Figure S5: Changes in methylation occur on Kir4.1 CpG island 1 and 3 sites following SCI. (A) Schematic of CpG island 1 of Kcnj10 gene is diagrammed with sites that undergo significant decreases in methylation denoted with an arrow. (B) Percent decrease in methylation normalized to sham animals is graphed (CpG Site 5 T₅=3.884, p=0.0116, n=3,4; CpG Site 46 T₅=4.164, p=0.0088, n=3,4; CpG Site 47 T₅=4.872, p=0.0046, n=3,4; CpG Site 51 T₅=7.263, p<0.001, n=3,4); maximal decrease (~20% decrease) occurs in CpG site 51. Error bars represent S.E.M. (C) Schematic of CpG island 3 of Kcnj10 gene is diagrammed with sites that undergo significant changes in methylation denoted with an arrow. (D) Percent increase in methylation normalized to mock animals is graphed. Maximal increase in % methylation of CpG island 3 occurs at CpG sites 75–78 (~13–23% increase). (CpG Site 75 T₅=4.209, p=0.0084, n=3,4; CpG Site 76 T₅=6.513, p=0.0013, n=3,4; CpG Site 77 WelchT_2.179=4.114, p=0.0013, n=3,4; CpG Site 78 T₅=3.372, p=0.0198, n=3,4; CpG Site 79 T₅=3.122, p=0.0262, n=3,4; CpG Site 80 T₅=4.753, p=0.0051, n=3,4; CpG Site 81 T₅=5.126, p=0.0037, n=3,4; CpG Site 82 T₅=3.167, p=0.0249, n=3,4; CpG Site 83 T₅=2.821, p=0.0371, n=3,4; CpG Site 84 T₅=4.710, p=0.0053, n=3,4).
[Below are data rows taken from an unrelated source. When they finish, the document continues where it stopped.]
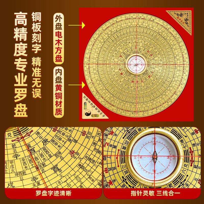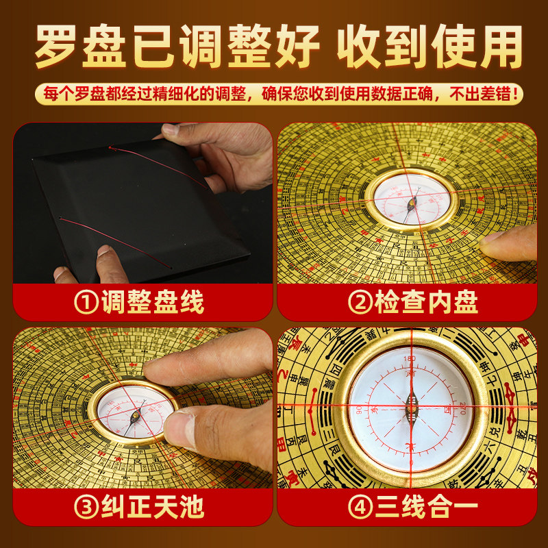 📚 黄铜高精度专业罗盘摆件三元三合综合盘指南针八卦随身精准罗经仪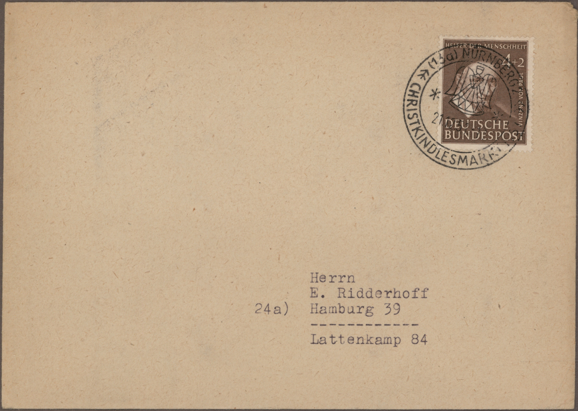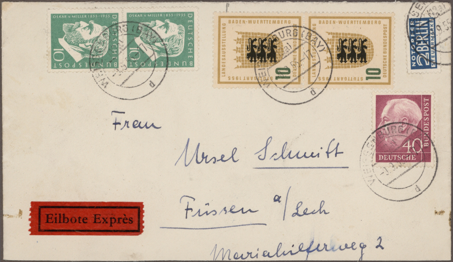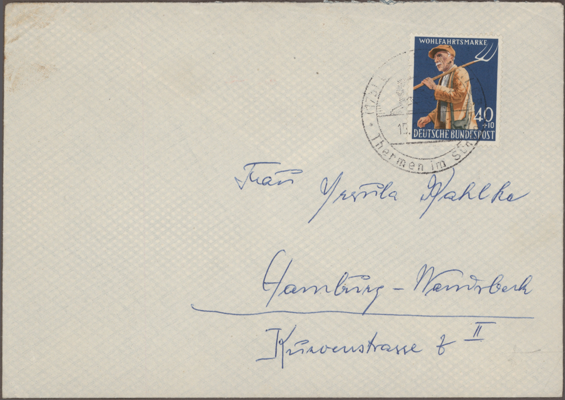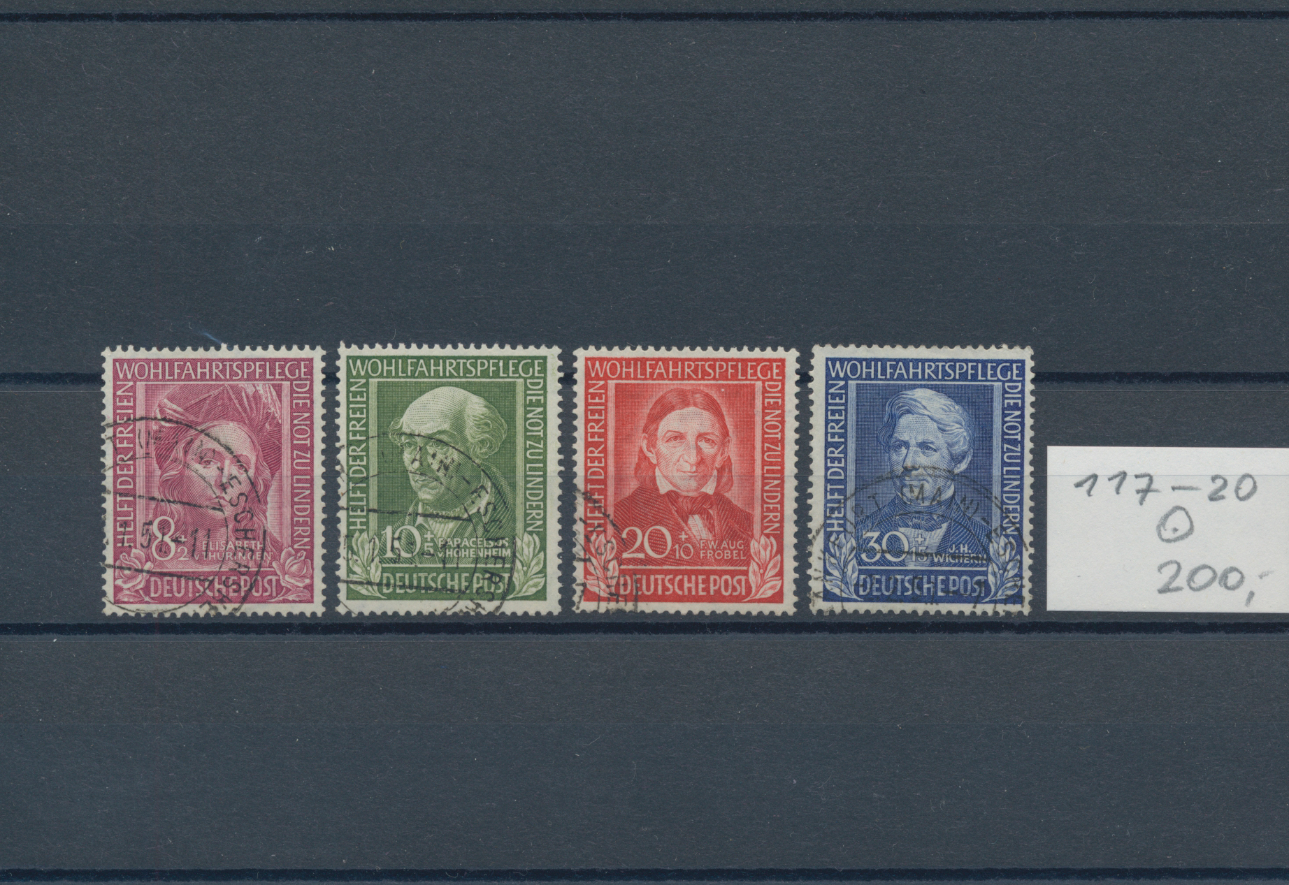 1949/59, kleine Partie auf Steckkarten mit besseren Sätzen in überwiegend gestempelter Erhaltung, dabei Bund 100 J. Briefmarken, Wohlfahrtssätze 1949, 52-55, Bach, dazu Berliner Frühwerte ab UPU ebenfalls überwiegend gestempelt.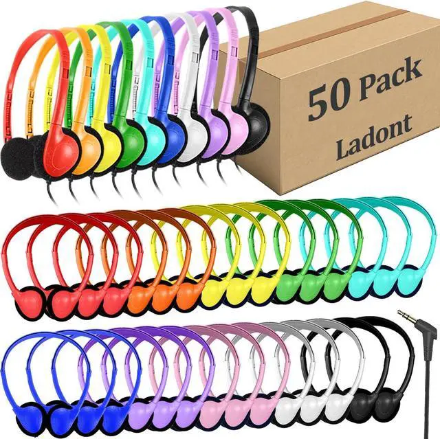 Highly durable 10 color kids classroom headphones (set of 50), Cord Length 1.2 m/ 47.25 inches.

Error bars represent S.E.M.

Key Points.

Kir4.1 mRNA and protein are chronically down regulated in the hippocampus after pilocarpine induced SE as well as in the spinal cord after SCI. Hypermethylation of CpG sites 66–72 corresponds with decreased expression of Kir4.1 in both injury models.